▼
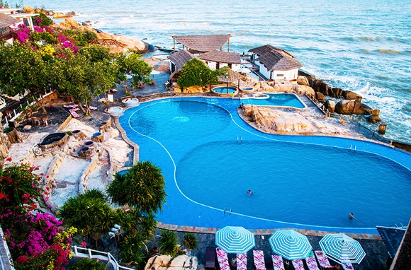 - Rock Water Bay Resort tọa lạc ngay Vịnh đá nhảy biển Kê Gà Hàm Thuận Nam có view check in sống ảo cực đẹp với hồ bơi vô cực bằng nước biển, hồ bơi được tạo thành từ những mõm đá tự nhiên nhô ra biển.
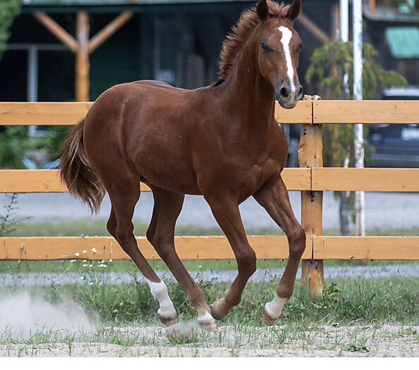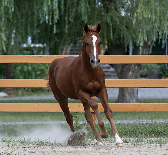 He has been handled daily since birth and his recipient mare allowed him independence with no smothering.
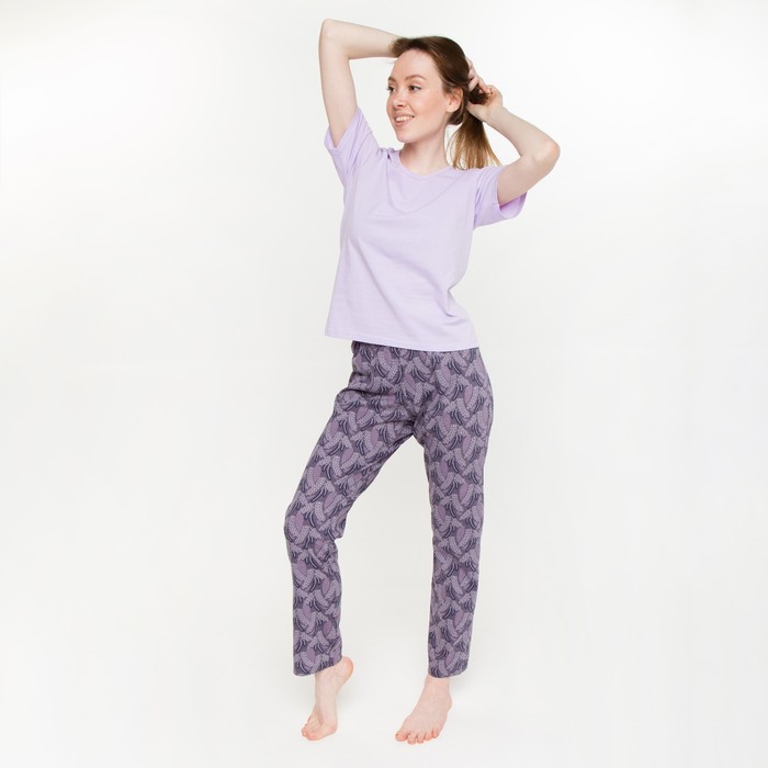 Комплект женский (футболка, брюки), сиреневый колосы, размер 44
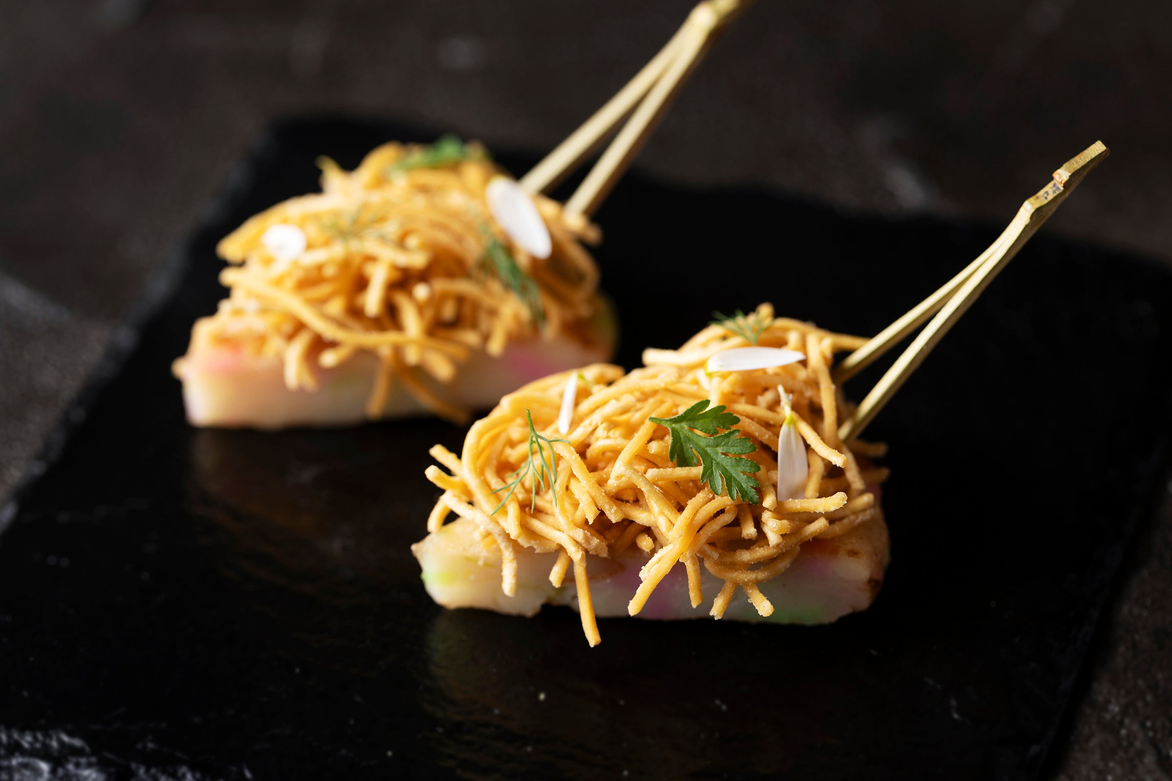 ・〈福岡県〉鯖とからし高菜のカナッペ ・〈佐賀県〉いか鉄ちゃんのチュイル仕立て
▲
◆ ABOUT THIS EXERCISE:
Transcribe all the lines above exactly; any image among them is skipped.

◆ RESULT FOR THIS EXERCISE:
 - Rock Water Bay Resort tọa lạc ngay Vịnh đá nhảy biển Kê Gà Hàm Thuận Nam có view check in sống ảo cực đẹp với hồ bơi vô cực bằng nước biển, hồ bơi được tạo thành từ những mõm đá tự nhiên nhô ra biển.
 He has been handled daily since birth and his recipient mare allowed him independence with no smothering.
 Комплект женский (футболка, брюки), сиреневый колосы, размер 44
 ・〈福岡県〉鯖とからし高菜のカナッペ ・〈佐賀県〉いか鉄ちゃんのチュイル仕立て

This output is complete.